The FDA plans to phase out the 1970s enforcement discretion of LDTs in such a way as to avoid disruptions in the market. This five-phase approach is being proposed to be completed over a five-year period. Beginning (stage 1) with the requirement that LDT manufacturers, like all IVD manufacturers, will need to comply with medical device requirements for corrections and removals, as well as medical device reporting. This first phase will be mandatory within the year following the finalization of the proposed rule. Moving forward within the next 3.5 years and by phase four (but no later than Oct. 1, 2027), high-risk LDT manufacturers will need to follow the QMSRs and comply with premarket review requirements. In phase five, the timeline expands to April 1, 2028 allowing for four years for low and medium-risk manufacturers to meet these same requirements. It should be noted that the rule would not apply to all LDTs currently on the market.
It should be noted that the rule would not apply to all LDTs currently on the market and if finalized in its current state, finalized as written, enforcement discretion for certain LDTs (e.g., for blood or tissue screening, emergency use, and forensics) would continue.

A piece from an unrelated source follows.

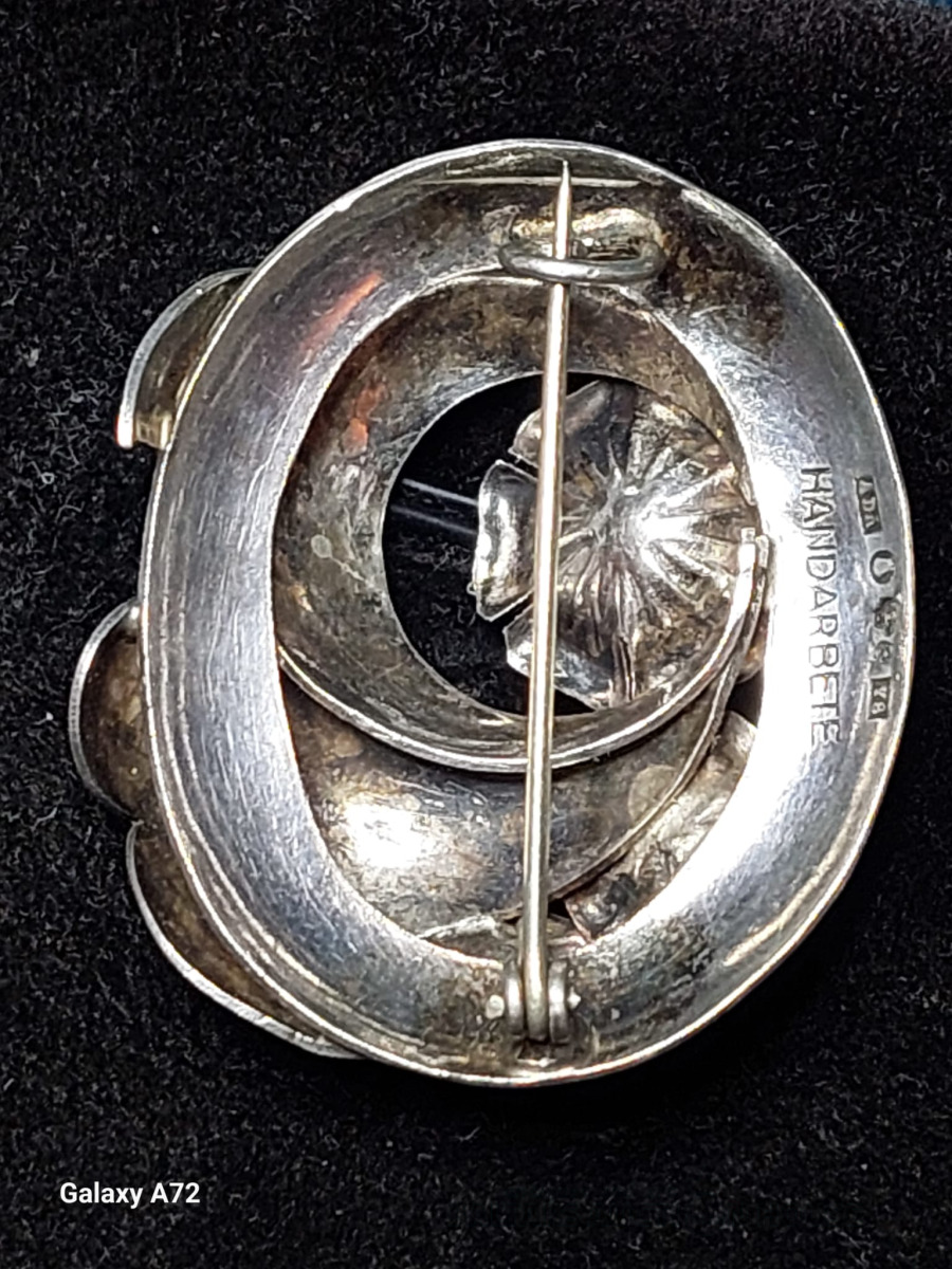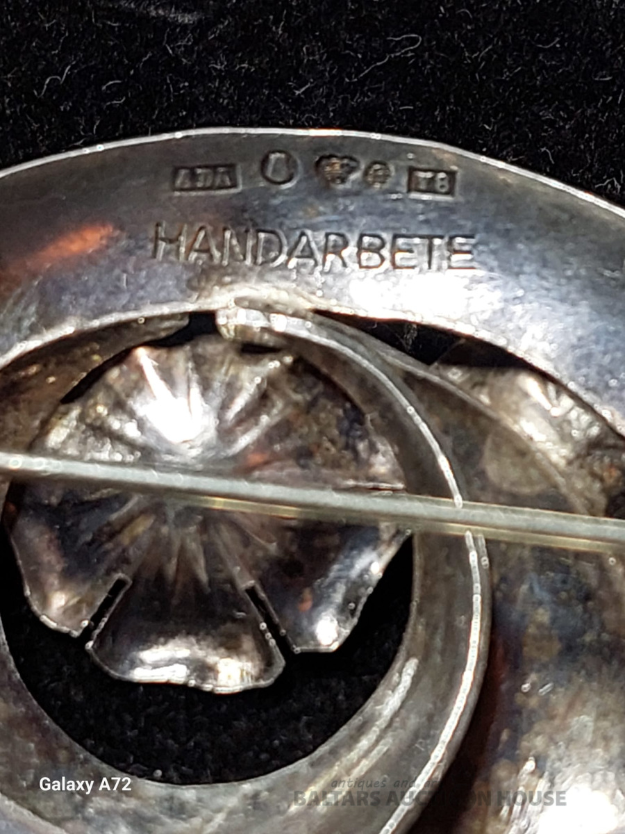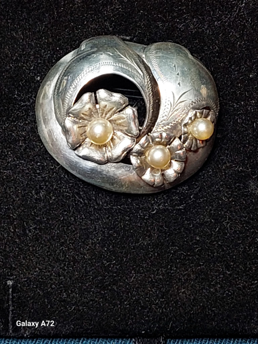 Sudraba piespraude ar dabīgam pērlēm .925 prove Zviedrija., Izm 4x4cm.
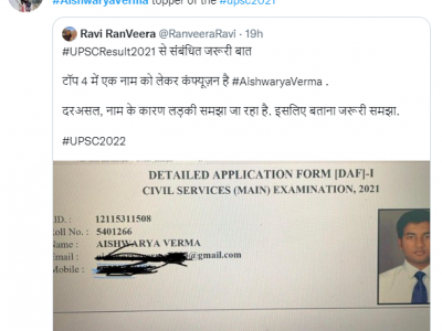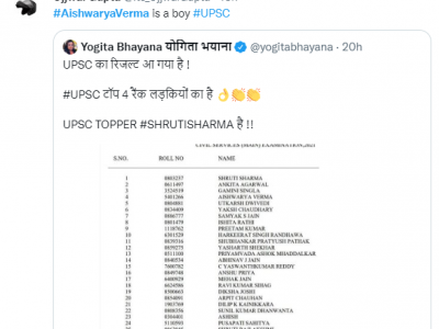 ट्विटर पर हुआ ट्रेंड: UPSC CSE 2021 में चौथे स्थान पर लड़की नहीं लड़का है, इस कारण कल परीक्षा परिणाम आने के बाद पैदा हुआ भ्रम

FDA has shown itself to be flexible in consideration of alternate methods of enforcement. Take for instance LDTs made in academic medical centers which have provided the strongest opposition to the ending of the enforcement discretion due to added burdens.
What are some benefits? While hard to quantify, benefits would be realized in circumventing health losses that may have occurred due to problems with IVDs that were marketed as LDTs. Additionally, reductions in costs in the healthcare systems and potential legal actions would also be favorable. Currently, an IVD manufacturer would probably not consider developing tests because of the competition they would face with laboratories that are manufacturing unregulated tests, but regulating LDTs would solve this issue.
As with many governmental actions, this could take a significant amount of time, given the amount of public comment that will need to be reviewed and considered prior to a final rule and subsequent implementation. In that time, Congress could pass the Verifying Accurate, Leading-edge IVCT Development (VALID) Act, making IVDs diagnostic devices, and rendering the LDT rule a non-issue.